- Activity -
From the line that contains "以板鞋竞速演绎同心力量。田径" through the line that contains "Диск гальмівний MEYLE", output every line of the listing below exactly and leave out all the rest.

- Provided material -
___

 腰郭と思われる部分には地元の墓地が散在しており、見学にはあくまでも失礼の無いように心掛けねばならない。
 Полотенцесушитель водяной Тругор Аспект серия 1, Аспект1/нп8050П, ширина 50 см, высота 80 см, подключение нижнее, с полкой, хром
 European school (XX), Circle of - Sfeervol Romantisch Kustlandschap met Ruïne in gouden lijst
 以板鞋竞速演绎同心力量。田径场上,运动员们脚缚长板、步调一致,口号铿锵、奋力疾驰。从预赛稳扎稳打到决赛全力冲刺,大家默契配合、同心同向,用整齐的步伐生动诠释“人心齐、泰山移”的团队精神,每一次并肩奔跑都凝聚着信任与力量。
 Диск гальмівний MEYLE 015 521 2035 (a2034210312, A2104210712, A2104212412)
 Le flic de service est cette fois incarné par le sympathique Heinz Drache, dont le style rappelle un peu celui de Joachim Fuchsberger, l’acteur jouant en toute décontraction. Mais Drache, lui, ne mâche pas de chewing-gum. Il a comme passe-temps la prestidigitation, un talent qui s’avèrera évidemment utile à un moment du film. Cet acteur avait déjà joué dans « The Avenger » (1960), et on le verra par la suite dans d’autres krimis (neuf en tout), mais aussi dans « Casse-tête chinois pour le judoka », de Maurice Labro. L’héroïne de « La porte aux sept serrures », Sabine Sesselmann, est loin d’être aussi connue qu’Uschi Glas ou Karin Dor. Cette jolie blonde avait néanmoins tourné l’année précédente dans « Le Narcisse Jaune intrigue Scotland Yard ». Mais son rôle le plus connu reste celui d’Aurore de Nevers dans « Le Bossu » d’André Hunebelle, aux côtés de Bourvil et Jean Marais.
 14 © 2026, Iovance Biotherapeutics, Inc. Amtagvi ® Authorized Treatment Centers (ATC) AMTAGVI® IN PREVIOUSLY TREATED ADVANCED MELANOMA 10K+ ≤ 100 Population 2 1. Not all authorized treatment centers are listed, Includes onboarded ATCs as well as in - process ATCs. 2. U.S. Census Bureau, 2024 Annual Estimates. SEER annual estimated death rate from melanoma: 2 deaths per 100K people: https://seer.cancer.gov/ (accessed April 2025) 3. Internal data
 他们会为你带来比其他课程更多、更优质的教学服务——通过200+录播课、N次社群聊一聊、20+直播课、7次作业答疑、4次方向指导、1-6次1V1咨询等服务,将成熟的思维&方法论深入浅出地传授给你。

___

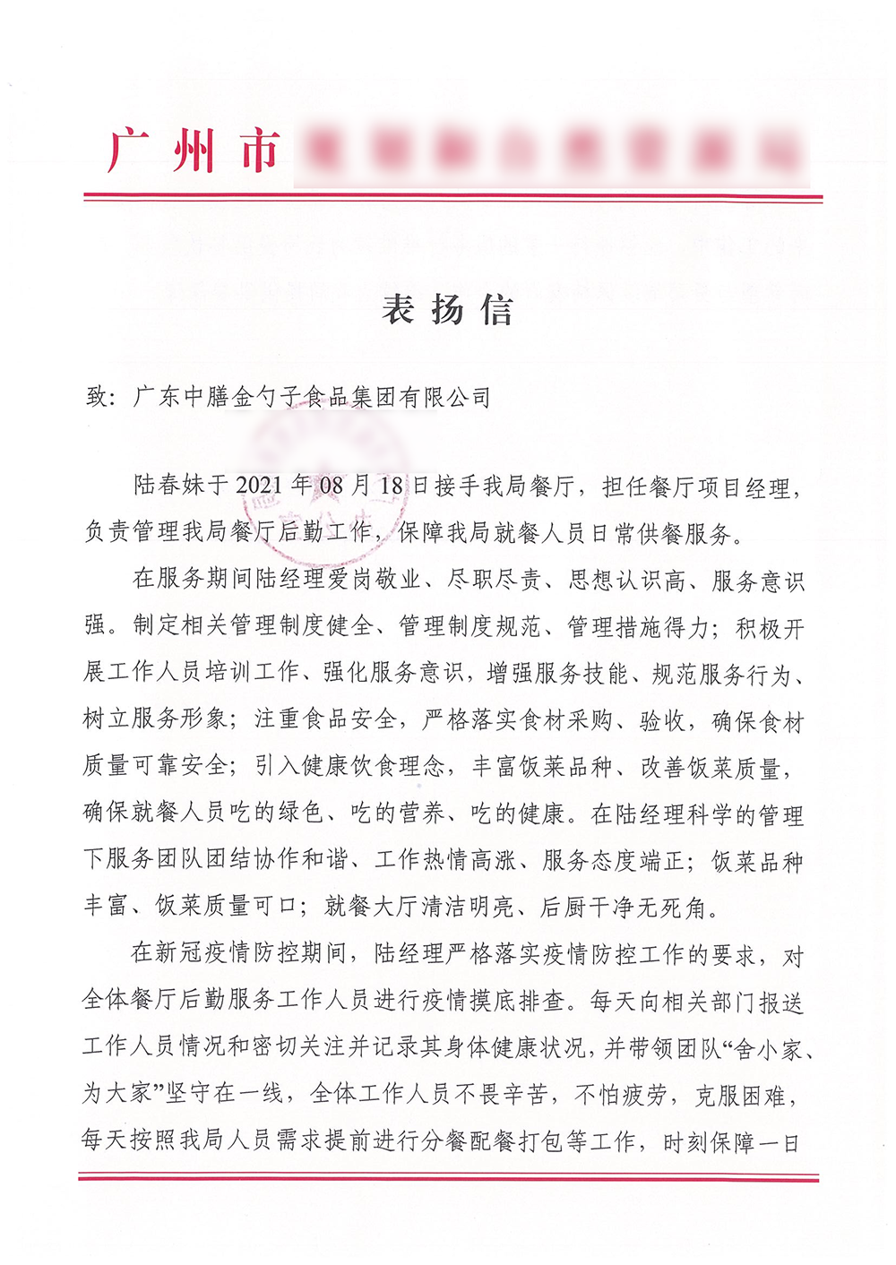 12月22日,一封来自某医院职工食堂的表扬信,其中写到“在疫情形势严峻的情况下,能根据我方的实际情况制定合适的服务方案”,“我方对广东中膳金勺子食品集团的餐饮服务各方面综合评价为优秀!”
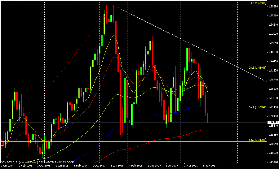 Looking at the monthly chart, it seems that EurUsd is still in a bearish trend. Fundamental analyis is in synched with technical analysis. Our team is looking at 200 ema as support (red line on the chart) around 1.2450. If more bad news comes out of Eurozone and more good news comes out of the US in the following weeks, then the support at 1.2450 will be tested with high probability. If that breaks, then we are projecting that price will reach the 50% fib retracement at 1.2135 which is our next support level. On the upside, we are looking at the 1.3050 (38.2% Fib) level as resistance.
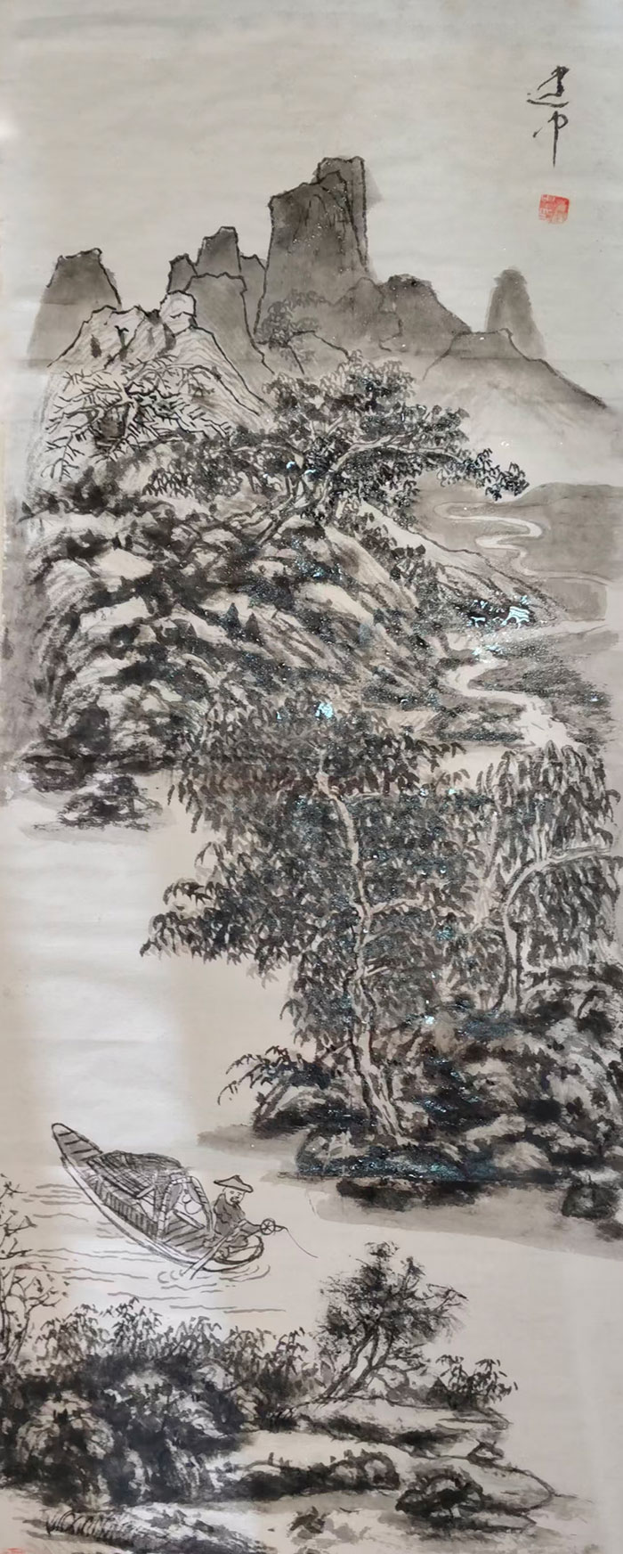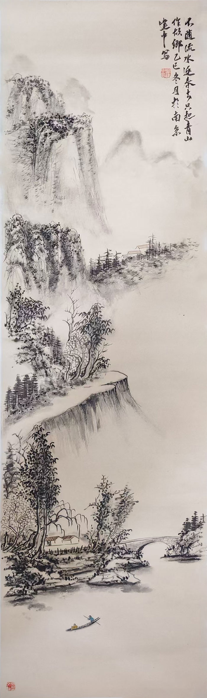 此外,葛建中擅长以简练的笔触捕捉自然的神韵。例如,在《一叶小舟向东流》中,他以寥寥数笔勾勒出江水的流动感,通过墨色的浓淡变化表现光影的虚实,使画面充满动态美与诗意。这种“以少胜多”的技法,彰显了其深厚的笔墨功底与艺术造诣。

___

- Solution to this exercise -
 以板鞋竞速演绎同心力量。田径场上,运动员们脚缚长板、步调一致,口号铿锵、奋力疾驰。从预赛稳扎稳打到决赛全力冲刺,大家默契配合、同心同向,用整齐的步伐生动诠释“人心齐、泰山移”的团队精神,每一次并肩奔跑都凝聚着信任与力量。
 Диск гальмівний MEYLE 015 521 2035 (a2034210312, A2104210712, A2104212412)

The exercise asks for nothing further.